> First of all, I don't think we need to declare ParallelVacuumProgress > in vacuum.c since it's set and used only in vacuumparallel.c. But I > don't even think it's a good idea to declare it in vacuumparallel.c as > a static variable. The primary reason is that it adds things we need > to care about. For example, what if we raise an error during index > vacuum? The transaction aborts but ParallelVacuumProgress still refers > to something old. Suppose further that the next parallel vacuum > doesn't launch any workers, the leader process would still end up > accessing the old value pointed by ParallelVacuumProgress, which > causes a SEGV. So we need to reset it anyway at the beginning of the > parallel vacuum. It's easy to fix at this time but once the parallel > vacuum code gets more complex, it could forget to care about it.
> IMO VacuumSharedCostBalance and VacuumActiveNWorkers have a different > story. They are set in vacuumparallel.c and are used in vacuum.c for > vacuum delay. If they weren't global variables, we would need to pass > them to every function that could eventually call the vacuum delay > function. So it makes sense to me to have them as global variables.On > the other hand, for ParallelVacuumProgress, it's a common pattern that > ambulkdelete(), amvacuumcleanup() or a common index scan routine like > btvacuumscan() checks the progress.
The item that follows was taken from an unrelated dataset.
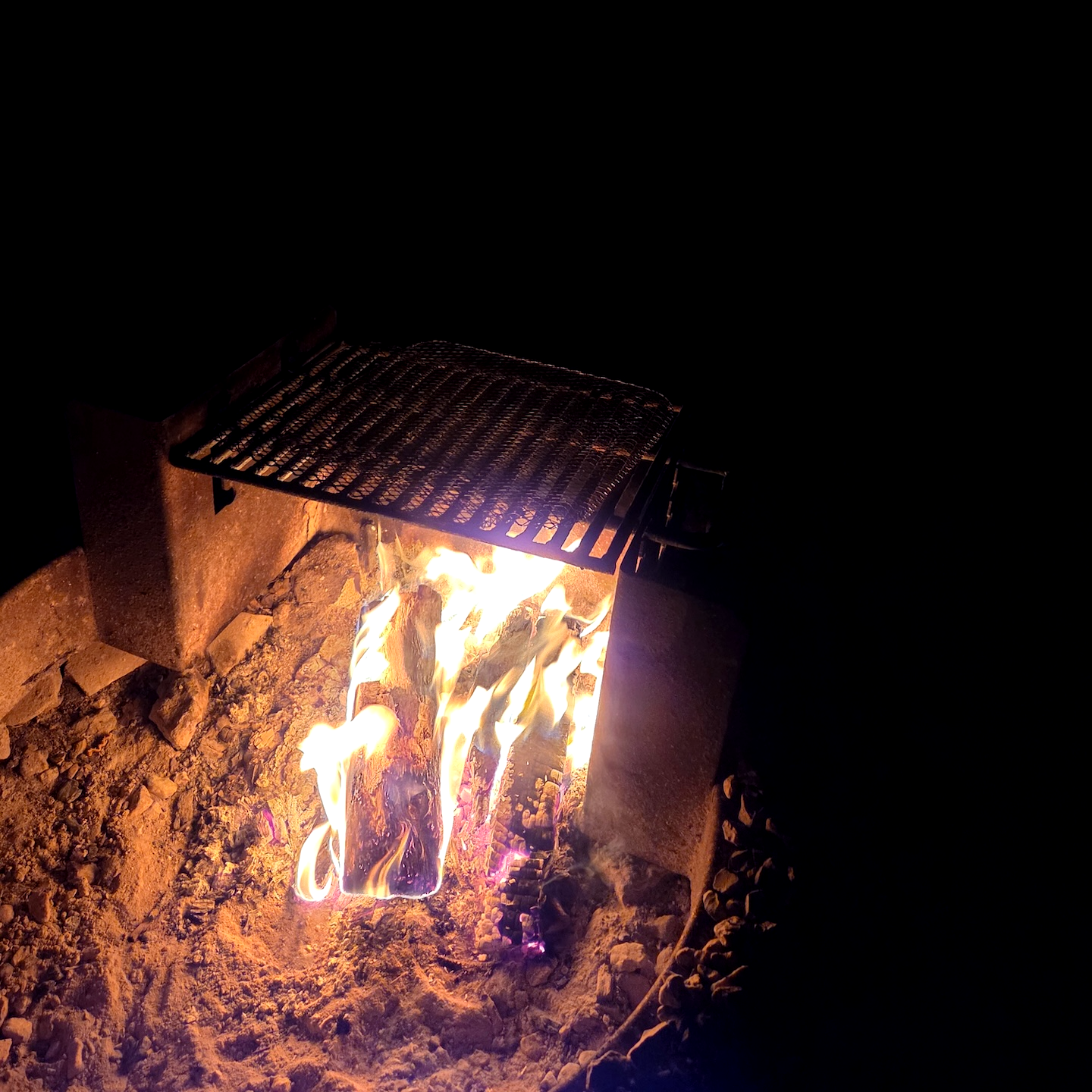 외부 어매니티로는 캠프파이어 킷이 제공됩니다. 캠프파이어 통 안에는 세 묶음의 장작과 발화제가 들어 있었고, 캔들 라이터는 주방의 칼이 보관된 곳에 함께 비치되어 있었습니다. 또한 식탁과 의자가 일체형으로 구성된 야외 테이블 세트와 파이어 핏 주변에는 2개의 릴랙스 체어가 배치되어 있었습니다. 최대 정원이 4명인 캐빈의 경우 릴랙스 체어가 4개까지 제공되는 것도 확인할 수 있었습니다. 파이어 핏에는 화로와 함께 바비큐 그릴도 설치되어 있었는데, 제가 이용한 내쉬 캐빈의 경우 그릴이 약간 기울어져 있었지만 높이 조절이 가능해 사용하는 데 큰 문제는 없었습니다.

I don't think index AM needs to > pass the value down to many of its functions. So it makes sense to me > to pass it via IndexVacuumInfo. Thanks for the detailed explanation and especially clearing up my understanding of VacuumSharedCostBalance and VacuumActiveNWorker. I do now think that passing ParallelVacuumState in IndexVacuumInfo is a more optimal choice. Attached version addresses the above and the previous comments. Thanks Sami Imseih Amazon Web Services (AWS)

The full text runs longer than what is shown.